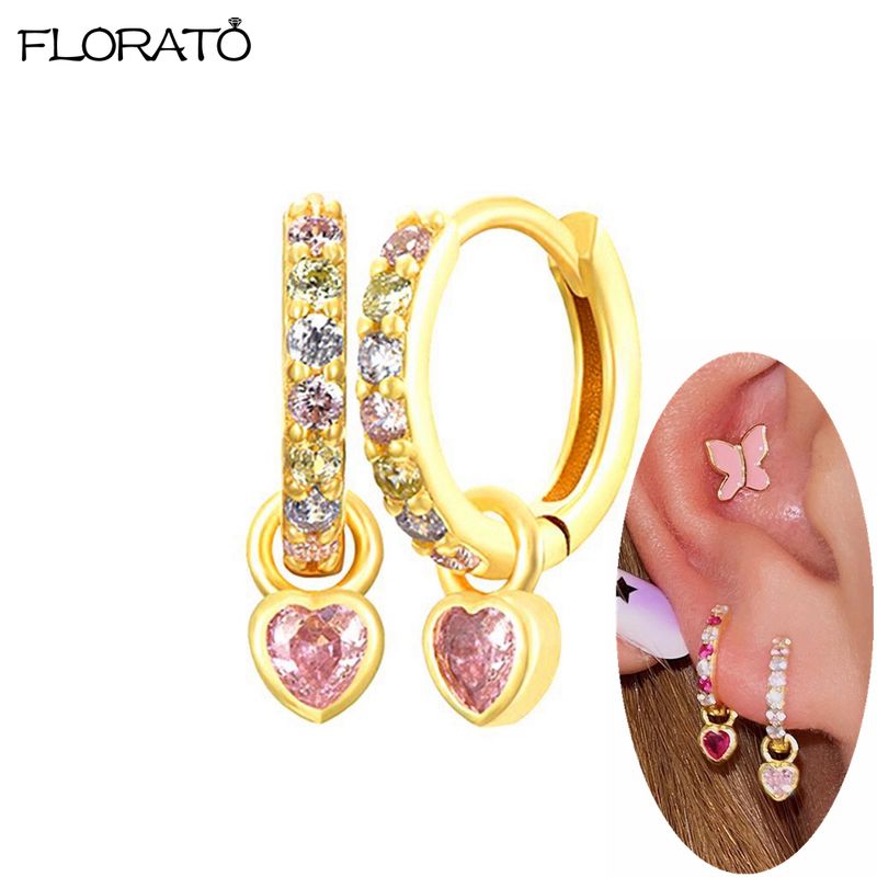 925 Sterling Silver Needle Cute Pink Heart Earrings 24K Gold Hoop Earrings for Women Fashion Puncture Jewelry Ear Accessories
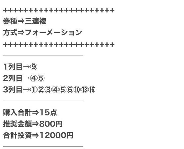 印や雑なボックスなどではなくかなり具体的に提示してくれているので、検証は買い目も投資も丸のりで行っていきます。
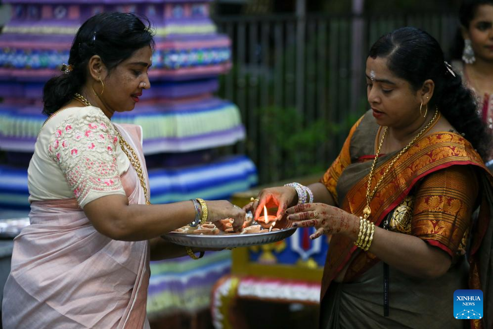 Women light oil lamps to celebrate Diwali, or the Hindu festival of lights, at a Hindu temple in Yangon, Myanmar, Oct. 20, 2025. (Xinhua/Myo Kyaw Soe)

[EXERCISE INSTRUCTIONS] Return all material verbatim, pictures omitted.

[RESPONSE AREA]
 925 Sterling Silver Needle Cute Pink Heart Earrings 24K Gold Hoop Earrings for Women Fashion Puncture Jewelry Ear Accessories
 印や雑なボックスなどではなくかなり具体的に提示してくれているので、検証は買い目も投資も丸のりで行っていきます。
 Women light oil lamps to celebrate Diwali, or the Hindu festival of lights, at a Hindu temple in Yangon, Myanmar, Oct. 20, 2025. (Xinhua/Myo Kyaw Soe)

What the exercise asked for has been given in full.